Ce restaurant, je l’ai vu naître, avancer avec prudence, éviter les pièges dressés sous ses pas, puis trouver sa place, qui n’est pas loin aujourd’hui des podiums. Il y a trois ans, Etienne Colliard en cuisine et Stéphanie Tieffry en salle, ouvraient en mode «petite table», à deux pas de la mairie.
Etienne, coiffure libre et savoir-faire évident, sortait d’un joli tour de piste étoilé auprès, notamment, de Jean-François Rouquette au Park Hyatt Paris-Vendôme, puis second de Jérémy Czaplicki et de Benjamin Collombat qui se succédaient au Château de Berne, Relais & Châteaux de grande Provence entre Lorgues et Flayosc.
Dès les premiers plats, dont une double côte de veau en croûte de moelle, paccheris farcis à l’artichaut et chèvre, on avait en effet le gourmand et le sérieux, garantis sous tous les angles, saisonnalité, produits, jus, cuissons, accompagnements… Nulle impatience ou ego surdimensionné, juste l’envie de donner du plaisir. Le bon plan.
Trois ans plus tard, AntrEnouS confirme cette première impression. L’enseigne se complique toujours la vie en jouant avec majuscules et minuscules mais la cuisine a gagné en assurance. Sans tarder, dès le premier menu avec l’entrée de chou-fleur rôti, burrata et orange sanguine, un «ceviche» de daurade en verdure légère (copeaux de légumes et crème d’avocat) bien installé sur la carte, la selle d’agneau rôti, grué de cacao, brocoli et passion ou la finesse et le croquant d’une déclinaison chocolat, glace à l’huile d’olive. Une cuisine aux saveurs franches, d’humeur égale et sans effets de mode, qui reste une bonne affaire même si les prix se sont mis à son diapason.
AntrEnouS a rejoint ainsi mes coups de cœur varois, de styles et de lieux différents, parmi lesquels Les Étiquettes à Ollioules, Le Clos Pierrepont à Montferrat, L’Alizé à Hyères, Le Nid à Flayosc, Es/pacio à Saint-Cyr-sur-Mer… Je connais des villes et des villages qui n’ont rien à proposer ou si peu. Désormais, celle-ci a du répondant. Hors les murs, le Château de Berne et son «Jardin» gourmand. «Bruno» que l’aubergiste légendaire a transmis à son fils Benjamin, maître des cuisines. Lorgues a élargi le choix avec La Table de mon Moulin de l’expérimenté Jacques Rolancy, près de la Collégiale Saint-Martin, La Table de Pôl, sous les platanes du cours Clémenceau, repris par son jeune chef, Julien Collard, ou Le Grillon, brasserie ensoleillée voisine de la mairie.

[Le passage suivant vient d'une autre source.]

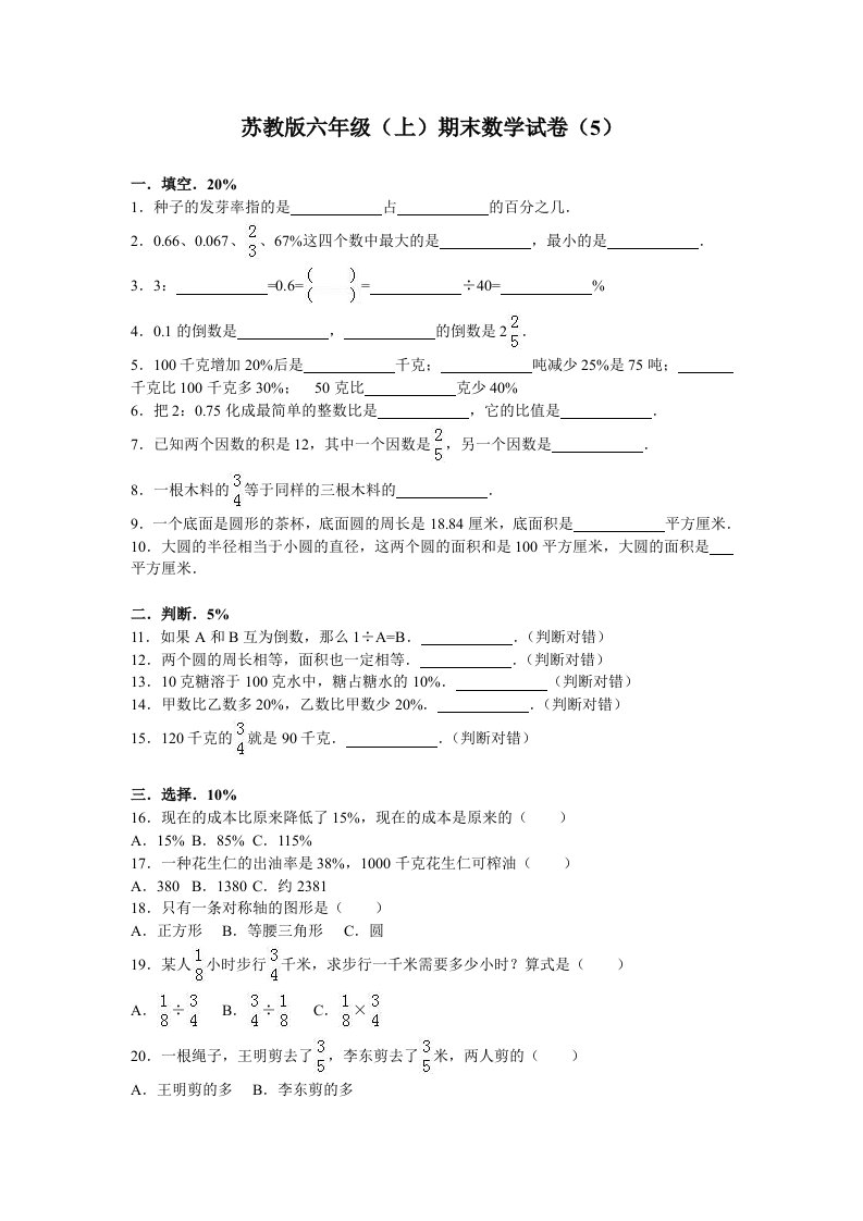 当前位置: 首页小学资源小学六年级正文 六年级数学上册学期期末测试卷4(苏教版)_共14页 小学六年级 6 天前 0 0 10 以上为部分内容预览,如需源文档请登录您的会员账号进行下载! 声明:本站所有文章,如无特殊说明或标注,均为本站原创发布。任何个人或组织,在未征得本站同意时,禁止复制、盗用、采集、发布本站内容到任何网站、书籍等各类媒体平台。如若本站内容侵犯了原著者的合法权益,可联系我们进行处理。 尚学资源永久会员 打赏 收藏 海报 链接

«Que demande le peuple ?», dit l’expression qui remonte au Moyen-Âge. On ne confond pas ici politique et gastronomie, mouvement social et menu dégustation. Le peuple est celui des clients qui demandent une table attentionnée où la gastronomie invite à revenir. Salle intimiste aux vingt couverts et terrasse ombragée, AntrEnouS répond à ce portrait-robot. L’adresse a gagné sa place, tourne à bon régime et n’a pas fini de monter. Un jour, une étoile ? Il n’y a pas urgence, on s’emballe peut-être mais ce serait une bonne idée.
7 avenue Allongue. Tel. 04 94 67 63 80. Menus 45€ et 65 € (dégustation, 5 plats). Carte env. 60/75€. Fermé mercredi toute la journée et à déjeuner jeudi et samedi.